Mam trzy klejnoty. Strzegę ich i osłaniam.
Pierwszy to miłosierdzie. Drugi to umiarkowanie.
Trzeci polega na tym,
że nie ośmielam się wyjść przed innych ludzi na świecie.
(Laozi)
Niemcy to kraj w którym byłam wielokrotnie... Mimo to wciąż wracam, odkrywam tam nowe miejsca, które mnie fascynują i zachwycają... Tym razem odwiedziłam Brunszwik (Braunschweig) bardzo piękne i historyczne miasto w Dolnej Saksonii... Według mnie jest wyjątkowe, zachwycające... Jest niczym ukryta perła, którą każdy powinien odkryć dla siebie...
Poznawanie Brunszwiku rozpoczęłam od ciekawej budowli, rekonstrukcji Pałacu Książęcego, który obecnie jest nowoczesnym centrum handlowym (Schloss Arkaden), położonym w samym sercu miasta...
Poprzednia budowla została wzniesiona w 1841 roku i była rezydencją książąt Brunszwiku niemieckiego rodu Welfów inaczej Gwelfów... Pałac doznał bardzo poważnych zniszczeń przez naloty bombowe w czasie II wojny światowej... Na polecenie Rady Miasta w 1960 roku został całkowicie rozebrany a na jego miejscu założono park, który został zlikwidowany wiosną 2005 roku... Dwa lata później na jego miejscu otwarto centrum handlowe - Pałacowe Arkady...
* Parada w 1855 roku przed Pałacem Książęcym *
Po wejściu na taras widokowy oglądam imponującą panoramę centrum Brunszwiku... Z góry widoczna jest architektura miasta, wieże kościołów m.in. świętego Marcina, świętego Michała, świętej Katarzyny, świętej Magni, świętego Piotra, świętego Jakuba, katedry...

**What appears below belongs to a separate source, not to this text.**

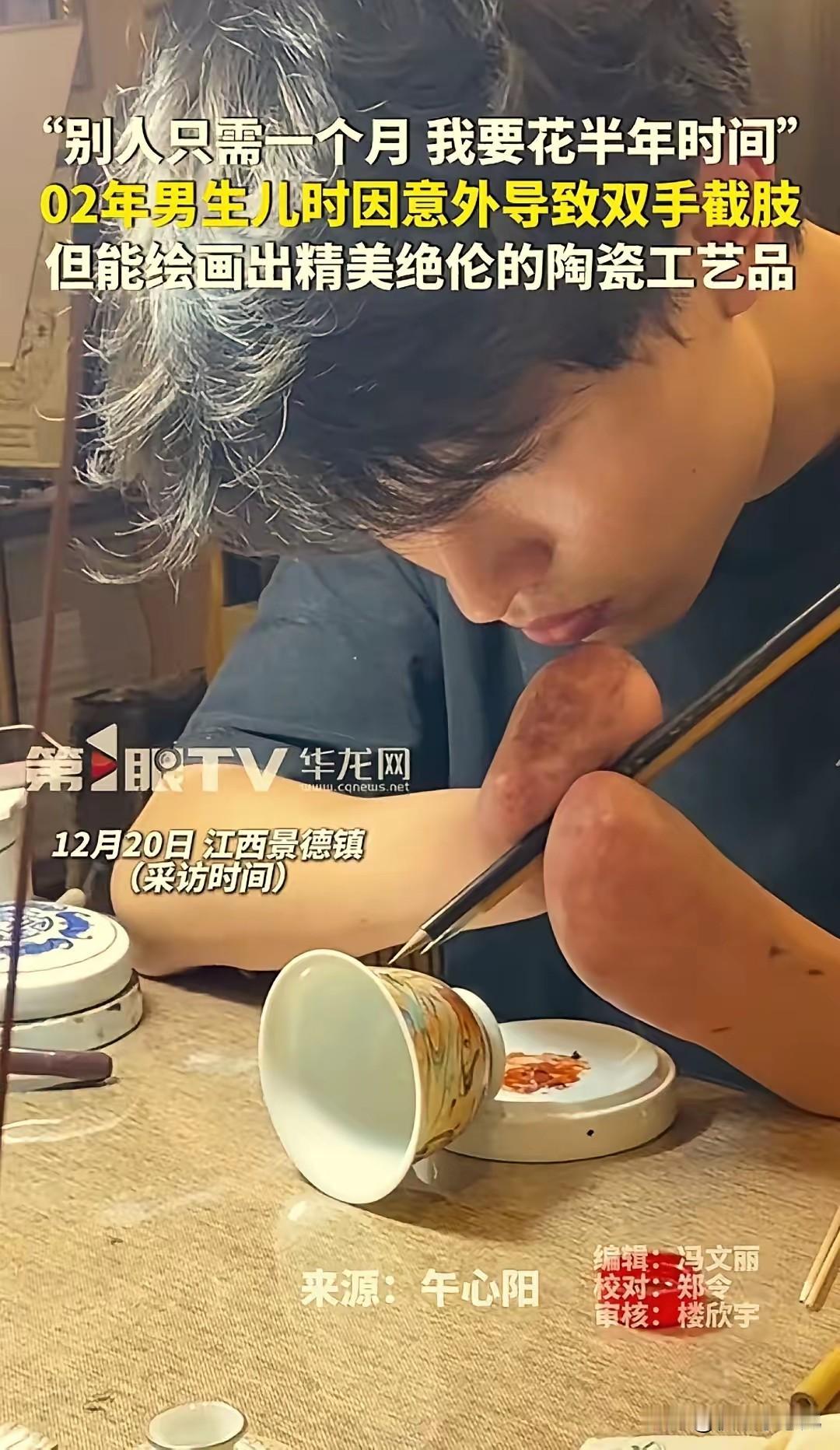 “太励志了!”江西景德镇,一男生擅长在瓷器上作画,画作栩栩如生精美绝伦,本以为是天赋型选手,结果凑近一看直接破防:他竟然没有双手,全靠手腕夹着笔在瓷上作画!别人练习线条只需一个月,他却要硬生生的熬了半年。 景德镇自古就是瓷都,街头巷尾都飘着瓷土的清香,在这儿把瓷上画做好的,没一个是等闲之辈。可谁能想到,这位让游客驻足惊叹的画师,连握笔的双手都没有。 初见他作画,手腕用力夹住细细的画笔,胳膊肘撑着桌面保持稳定,哪怕是画一根细细的兰草,都要调动全身的力气。瓷面光滑,笔墨稍重就会晕开。手腕上磨出的厚茧,是日复一日练习留下的勋章。 别人练一个月的线条,他要熬半年,没有双手,每一步都比常人难百倍。刚开始笔杆总从手腕间滑落,夹笔都夹不稳,墨水洒在洁白的瓷坯上,像一个个刺眼的印记。 他的作品里,有灵动的花鸟鱼虫,有景德镇的青山绿水,每一笔都栩栩如生。 很多人说他是天赋型选手,可只有他自己知道,所谓天赋,不过是把别人放弃的时间,都用来打磨技能。他没有双手,却用一颗坚韧的心,稳住了笔下的作品。 他的作品不仅卖得好,更成了景德镇瓷文化里一道特别的风景。他身上那股不服输的劲,更让人动容,比起那些有手有脚却总抱怨“太难了”“学不会”的人,他的坚持更显珍贵。 作品的背后,是他无数次的失败与重来,是手腕酸痛到抬不起来,无数个挑灯夜战,咬牙坚持的结果。 这位男生,没有双手,没有抱怨命运不公,都能把日子过成诗。真正的励志,从来不是天生自带光环,而是在命运给你关上一扇门时,而是硬生生地用坚持凿开一扇窗。他用手腕画出的,不只是精美的瓷画,更是对生活最热烈的告白。

Schodząc schodami z tarasu widokowego oglądam liczne panele obrazowe z przeszłości Pałacu Książęcego aż do współczesności...
Na placu przed Pałacem Książęcym uwagę moją przykuwają dwa pomniki dużych rozmiarów... Jeden przedstawia księcia Brunszwiku Karola Wilhelma, jest uznawany na twórcę nowoczesnego systemu prowadzenia wojny w drugiej połowie XVIII wieku... Na drugim pomniku jest syn Karola Wilhelma, książę Fryderyk Wilhelm, który wstąpił do armii pruskiej i wziął udział w kampanii przeciw rewolucji Francuskiej...
Bardzo dziękuję za odwiedziny i pozostawione komentarze...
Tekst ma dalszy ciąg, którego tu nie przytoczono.